Photography is something I’ve enjoyed for many years. I bought my first camera at the age of nine when we were living in England. Because I have very weak arms, I put together a wheelchair camera tripod which holds the camera for me. It’s one of the best way for me to express myself, plus, a way to showcase the beauty of nature that I can share with others.

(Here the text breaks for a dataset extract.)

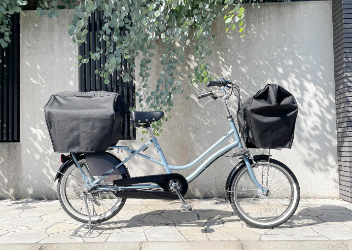 自転車の積載容量アップ。荷物の飛び出しや車輪巻き込み、雨、盗難などを防止して安全に
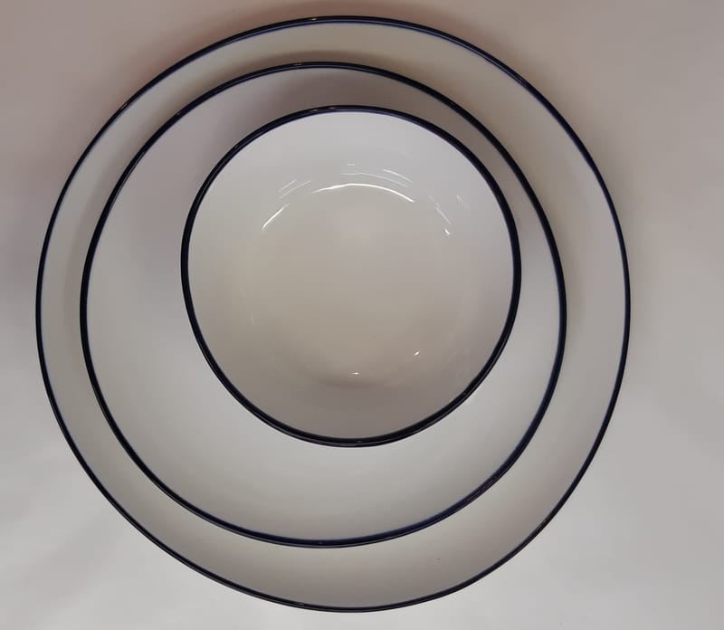 White porcelain dining set with blue stripe. Asymmetrical plates and young and contemporary design.

Sharing Park and Trail reviews

Being a nature lover, hiking on a trail is how I maintain an overall sense of peace and happiness, and I’m fortunate that there are hundreds of trails in the San Francisco Bay Area, some of which are wheelchair accessible. One day I could be hiking amongst majestic redwoods while on another day I could be hiking a trail that overlooks the ocean, giving me a chance to spot whales. But, in all my years of hiking, I’ve rarely seen another fellow wheelchair user on a trail. One reason for this may be that at the time there wasn’t much available information about accessible trails. That’s why back in 2010 I started my “Adventures from a Wheelchair” blog so that I could share videos and reviews of parks and trails I had visited.

Making Parks More Accessible

During my adventures, I noticed that some parks weren’t that accessible, like a soap dispenser in a restroom being out of reach for someone in a wheelchair. From speaking to those in charge of parks I learned that most of the time they were unaware of any accessibility issues. That’s why in 2015 I started volunteering for Santa Clara County Parks as an ADA (Americans with Disability Act) consultant.

What I'm Grateful For

I also like to find trails that aren’t listed as wheelchair accessible, usually because they don’t meet ADA Standards. Some of these dirt trails are rugged and challenging but it brings out that inner adventurer inside me. Having the ability and freedom to venture out for a hike, watch an ocean sunset, or even cruise around in a shopping mall, is something I’m very grateful for.